Prompt
Aside from the pictures, the entries should be given again exactly.

········

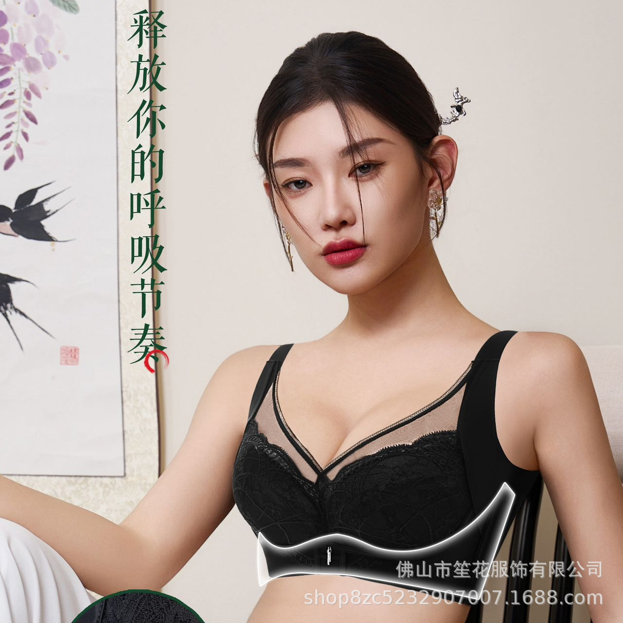 舒适调整型直立棉大罩杯聚拢软钢圈收副乳透气性感蕾丝新款女士内
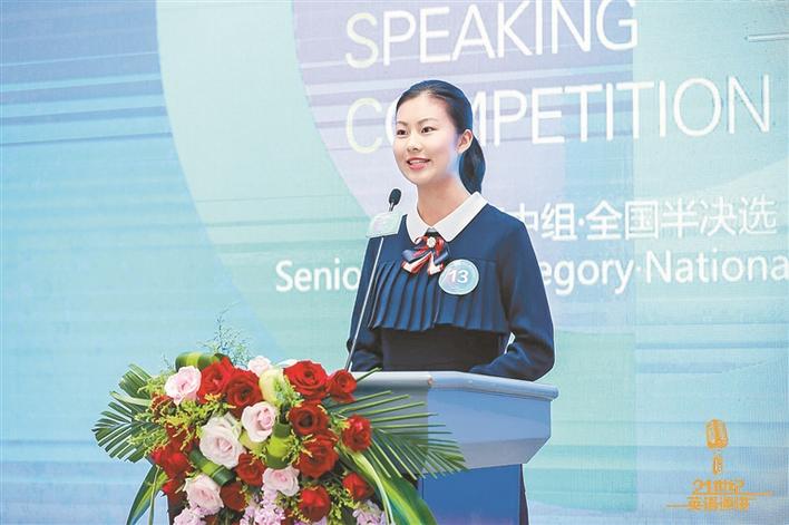 深外外語(yǔ)書院學(xué)生王心怡參加21世紀(jì)杯英語(yǔ)演講比賽全國(guó)總決賽。
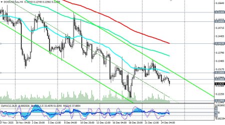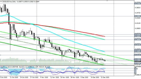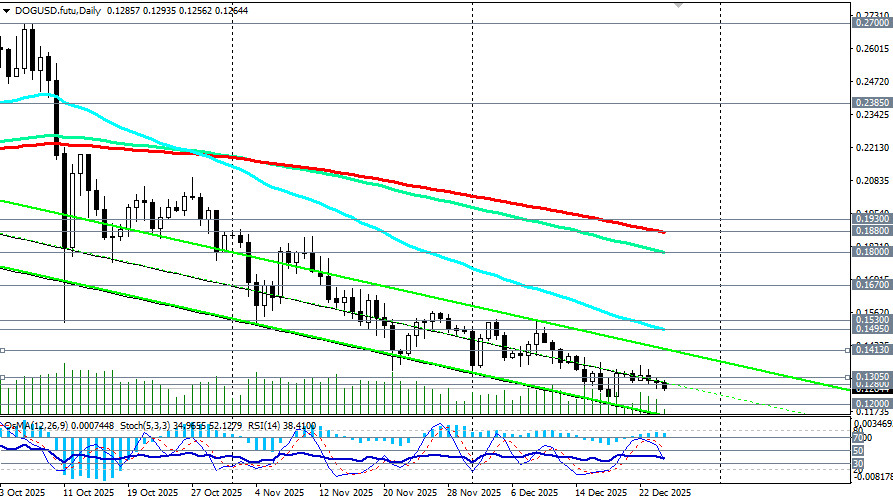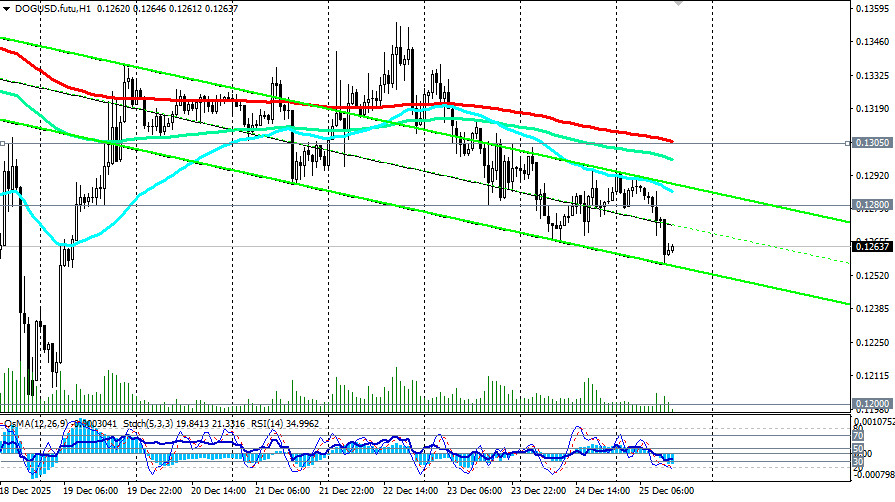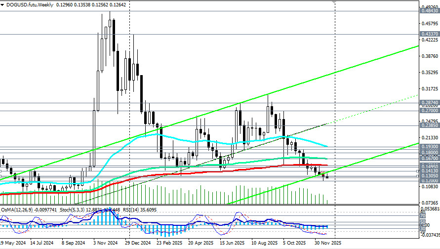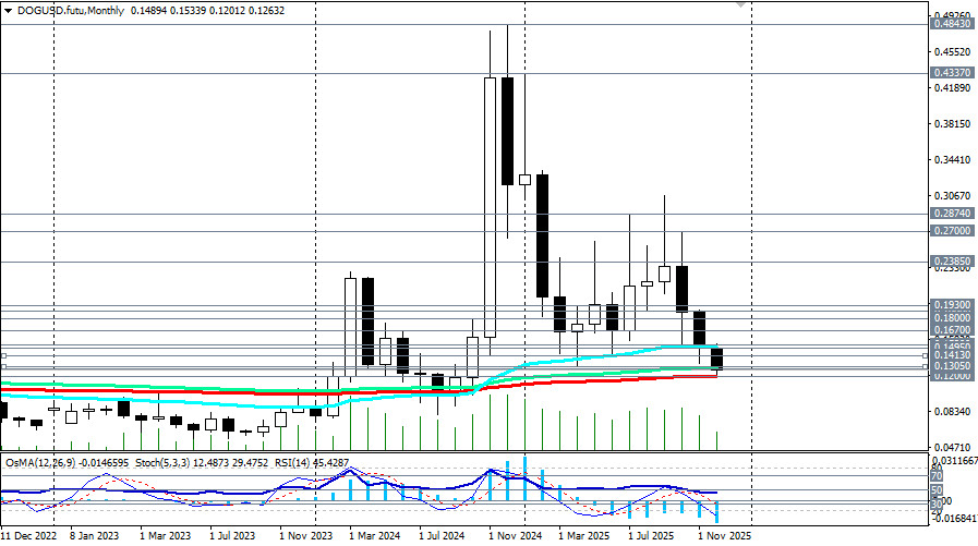 Начавшись как интернет-шутка, Dogecoin превратился в одну из самых узнаваемых мем-монет и на сегодняшний день входит в топ-10 популярных альткоинов. Изначально задуманный как сатирический взгляд на криптовалютные тренды, его стремительный взлет во многом объясняется преданными поклонниками и периодической поддержкой со стороны таких известных личностей, как Илон Маск, в социальных сетях, отметили мы в нашем сегодняшнем фундаментальном анализе и обзоре «Крипторынок: предварительные итоги 2025 года и перспективы на следующий».Однако, за 3 неполных месяца с середины октября по еще не закончившийся декабрь, DOGE (в паре DOG/USD) подешевел в 2,25 раза, опустившись с достигнутого в октябре локального максимума 0.2700 до минимума декабря вблизи 0.1200. Сегодня, в условиях праздничного рождественского периода, минимальной активности трейдеров и на момент публикации данной статьи, пара DOG/USD торговалась вблизи отметки 0.1263, немного поднявшись с внутридневного минимума 0.1257. Пара двигается в зоне долгосрочного медвежьего рынка, ниже ключевых уровней сопротивления 0.1530 (ЕМА200 на недельном графике), 0.1670 (ЕМА144 на недельном графике). Пробой же стратегического уровня поддержки 0.1200 (ЕМА200 на месячном графике DOG/USD) отправит монету в сторону своих минимальных значений с момента выпуска и появления DOGE на рынке и к значениям 0.0400 – 0.0500. Однако, все же будем надеяться на более позитивный сценарий и возврат к росту как всего крипторынка, так и отдельных монет, в частности DOGE. Поэтому в альтернативном сценарии первым сигналом для начала его реализации может стать пробой сегодняшнего максимума 0.1294 и важного краткосрочного уровня сопротивления 0.1305 (ЕМА200 на 1-часовом графике). В случае развития восходящей коррекции целями станут отметки вблизи зоны сопротивления 0.1495 (ЕМА50 на дневном графике) - 1.1530 (ЕМА200 на недельном графике). Однако, для полного возврата восходящей динамики (в долгосрочном и среднесрочном периодах) цене необходимо закрепиться в зоне выше ключевых уровней сопротивления 0.1880 (ЕМА200 на дневном графике), 0.1900, 0.1930 (ЕМА50 на недельном графике). Пока же в основном сценарии ожидаем дальнейшее снижение цены. Первым сигналом для новых продаж может стать пробой сегодняшнего минимума 0.1257. Технические индикаторы (в нашем случае это – RSI, OsMA, Стохастик) на дневном, недельном, месячном графиках также находятся на стороне продавцов. Уровни поддержки: 0.1260, 0.1200, 0.1100, 0.1000, 0.0900, 0.0800, 0.0700, 0.0500, 0.0400 Уровни сопротивления: 0.1280, 0.1300, 0.1305, 0.1400, 0.1413, 0.1495, 0.1500, 0.1530, 0.1600, 0.1670, 0.1800, 0.1880, 0.1900, 0.1930, 0.2000 Торговые сценарии
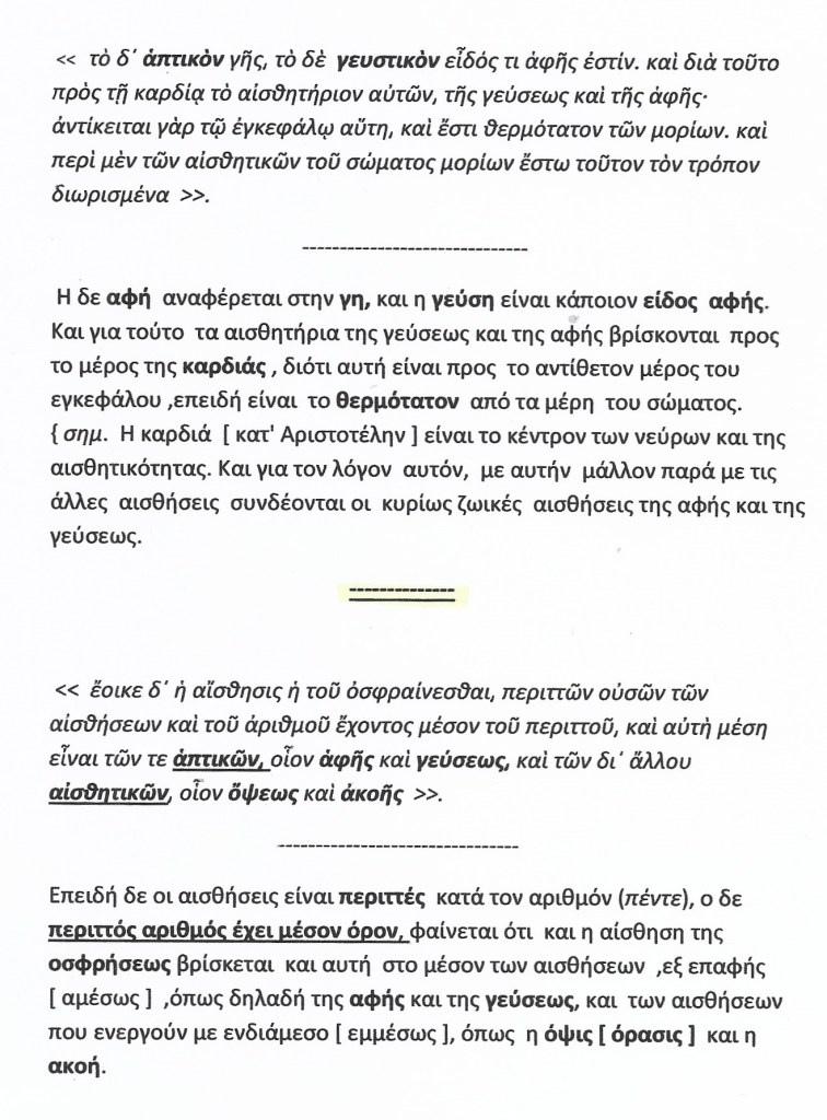 ΑΡΙΣΤΟΤΕΛΟΥΣ – » Περί Ψυχής ». { Β’} ,{ 421 a }.
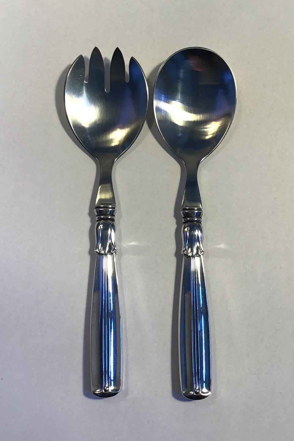 Description: Lotus Silver/Steel Salad Serving Set W. & S. Sørensen
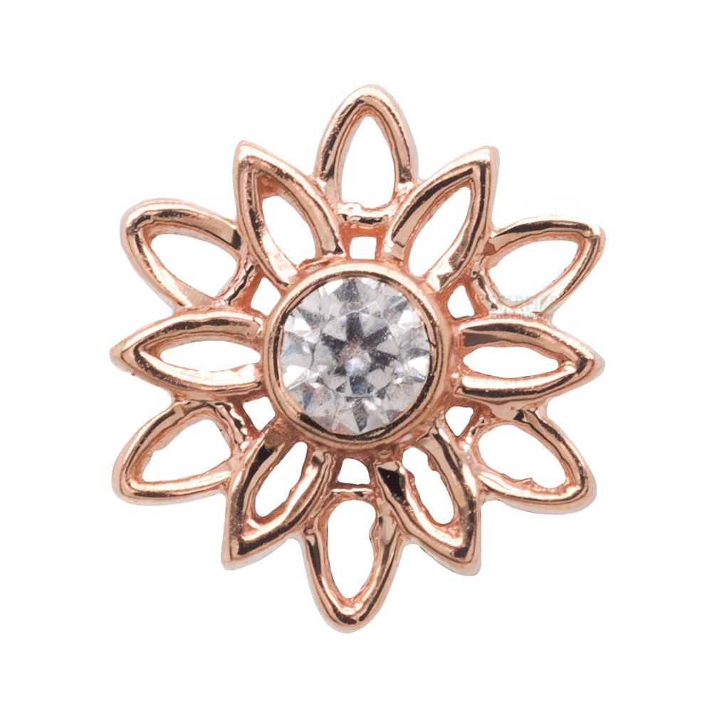 The negative space in the Marisol flower highlights the gemstone in the center tastefully.

········

Solution
 舒适调整型直立棉大罩杯聚拢软钢圈收副乳透气性感蕾丝新款女士内
 深外外語(yǔ)書院學(xué)生王心怡參加21世紀(jì)杯英語(yǔ)演講比賽全國(guó)總決賽。
 Начавшись как интернет-шутка, Dogecoin превратился в одну из самых узнаваемых мем-монет и на сегодняшний день входит в топ-10 популярных альткоинов. Изначально задуманный как сатирический взгляд на криптовалютные тренды, его стремительный взлет во многом объясняется преданными поклонниками и периодической поддержкой со стороны таких известных личностей, как Илон Маск, в социальных сетях, отметили мы в нашем сегодняшнем фундаментальном анализе и обзоре «Крипторынок: предварительные итоги 2025 года и перспективы на следующий».Однако, за 3 неполных месяца с середины октября по еще не закончившийся декабрь, DOGE (в паре DOG/USD) подешевел в 2,25 раза, опустившись с достигнутого в октябре локального максимума 0.2700 до минимума декабря вблизи 0.1200. Сегодня, в условиях праздничного рождественского периода, минимальной активности трейдеров и на момент публикации данной статьи, пара DOG/USD торговалась вблизи отметки 0.1263, немного поднявшись с внутридневного минимума 0.1257. Пара двигается в зоне долгосрочного медвежьего рынка, ниже ключевых уровней сопротивления 0.1530 (ЕМА200 на недельном графике), 0.1670 (ЕМА144 на недельном графике). Пробой же стратегического уровня поддержки 0.1200 (ЕМА200 на месячном графике DOG/USD) отправит монету в сторону своих минимальных значений с момента выпуска и появления DOGE на рынке и к значениям 0.0400 – 0.0500. Однако, все же будем надеяться на более позитивный сценарий и возврат к росту как всего крипторынка, так и отдельных монет, в частности DOGE. Поэтому в альтернативном сценарии первым сигналом для начала его реализации может стать пробой сегодняшнего максимума 0.1294 и важного краткосрочного уровня сопротивления 0.1305 (ЕМА200 на 1-часовом графике). В случае развития восходящей коррекции целями станут отметки вблизи зоны сопротивления 0.1495 (ЕМА50 на дневном графике) - 1.1530 (ЕМА200 на недельном графике). Однако, для полного возврата восходящей динамики (в долгосрочном и среднесрочном периодах) цене необходимо закрепиться в зоне выше ключевых уровней сопротивления 0.1880 (ЕМА200 на дневном графике), 0.1900, 0.1930 (ЕМА50 на недельном графике). Пока же в основном сценарии ожидаем дальнейшее снижение цены. Первым сигналом для новых продаж может стать пробой сегодняшнего минимума 0.1257. Технические индикаторы (в нашем случае это – RSI, OsMA, Стохастик) на дневном, недельном, месячном графиках также находятся на стороне продавцов. Уровни поддержки: 0.1260, 0.1200, 0.1100, 0.1000, 0.0900, 0.0800, 0.0700, 0.0500, 0.0400 Уровни сопротивления: 0.1280, 0.1300, 0.1305, 0.1400, 0.1413, 0.1495, 0.1500, 0.1530, 0.1600, 0.1670, 0.1800, 0.1880, 0.1900, 0.1930, 0.2000 Торговые сценарии
 ΑΡΙΣΤΟΤΕΛΟΥΣ – » Περί Ψυχής ». { Β’} ,{ 421 a }.
 Description: Lotus Silver/Steel Salad Serving Set W. & S. Sørensen
 The negative space in the Marisol flower highlights the gemstone in the center tastefully.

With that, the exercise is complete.